O tal do Manoel, dono do boteco, conhecia José. Todos os dias ele aparecia por lá, comia, bebia, pagava certinho e ia embora para voltar novamente no dia seguinte. Mesmo assim, teve receio. Se fiasse a comida e a bebida e o homem desaparecesse? Já havia recebido calotes assim. O freguês acostuma o dono do bar. Depois de um tempo pede fiado. Fia o mês inteiro e na hora de pagar, some para nunca mais e o prejuízo fica gritando no caderninho de contas a pagar.

José percebeu a preocupação do Manoel. Pensou em sair. Voltar para o barraco. Podia comer no dia seguinte. Um dia só sem comer, não o mataria.

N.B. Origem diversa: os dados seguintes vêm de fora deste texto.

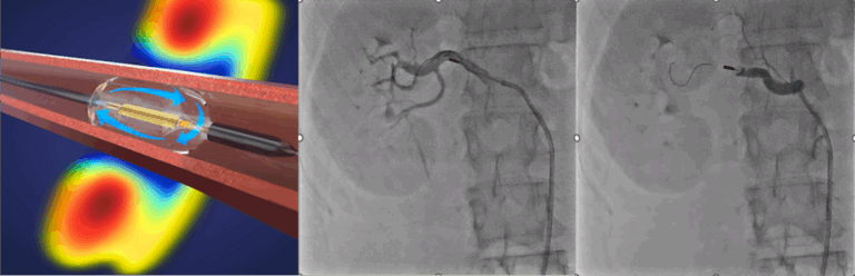 1. 高周波カテーテル: 微弱な電気で、らせん状に神経をケアします(図1および動画1参照)。
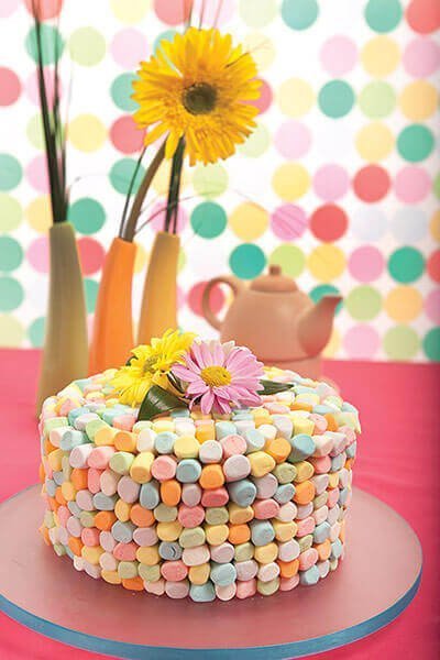 - Una vez frío, desmolda con cuidado. Unta el betún en el pastel y pega los bombones en todo el rededor. Para obtener un diseño uniforme o simétrico, comienza por colocar los bombones en forma circular, pero empieza en la base.

Deu dois passos em direção à rua. Virou e voltou. Encarou o Manoel e ofereceu. Trocaria o prato de comida e a birita por uma aula de javanês.

Aula de javanês? Perguntou o Manoel. Que raios seria isso? José explicou. Era uma língua como inglês, como espanhol, só que só pessoas muito inteligentes é que sabiam falar javanês (isso de inteligente de quem fala javanês, José inventou na hora. Precisava fazer o Manoel acreditar que falar javanês era importante).

O Manoel duvidou que José falasse javanês. José mostrou o livro e disse, (mentindo), que sabia tudo o que estava ali. De frente pra trás e de trás pra frente, também, e começou a falar palavras em javanês. Se juntasse as palavras ditas não teriam sentido algum, mas José estava apenas começando a aprender javanês. Então falava casa, cachorro, eu, carro, ser estar. Falou tantas e tantas palavras em javanês, que o dono do bar se convenceu e acabou por trocar o prato de comida por uma aula rápida de javanês.

Saciado, de barriga cheia e corpo quente da cachaça, José voltou para o barraco. Dormiu abraçado ao livro.

Depois daquele dia, José não saiu mais para catar papelão ou latinhas. Ficava no barraco, estudando javanês e, na hora da fome ia ao bar e trocava o prato de comida por outra aula de javanês.

A fama do homem que falava javanês se espalhou pelo bairro. Todos queriam saber quem era o tal que falava e ensinava javanês.

José ficou famoso e ao cabo de dois meses já tinha dez alunos. Cobrava pelas aulas. Tomava o café da manhã, almoçava e jantava no bar do Manoel. Era ali que dava suas aulas. Então, três alunos pagavam as refeições e ainda sobrava o dinheiro dos outros sete alunos, que José guardava bem guardado. Os anos passaram. José mudou de casa. Já não morava no barraco. Morava em um sobradinho bem pintado e arejado. Vestia roupas novas, simples, mas novas e cheirosas. Dava aulas de javanês em casa. Na sala, recebia cinco, seis alunos em horários diferentes. Juntou dinheiro. Comprou um carro usado. Acabou por se apaixonar por uma aluna. Namorou e casou. Teve filhos, uns quatro, que aprendiam javanês, antes mesmo de falar “mamãe” ou “papai”.

A vida de José mudou, porém ele continuava com o hábito de acordar antes do sol nascer. Subia na laje do sobradinho e esperava o sol acordar. Sorria feliz olhando a sua volta. A casa. A mulher ainda adormecida. Os filhos. O sol nascia e José cumprimentava seus raios com um “bom dia” em javanês.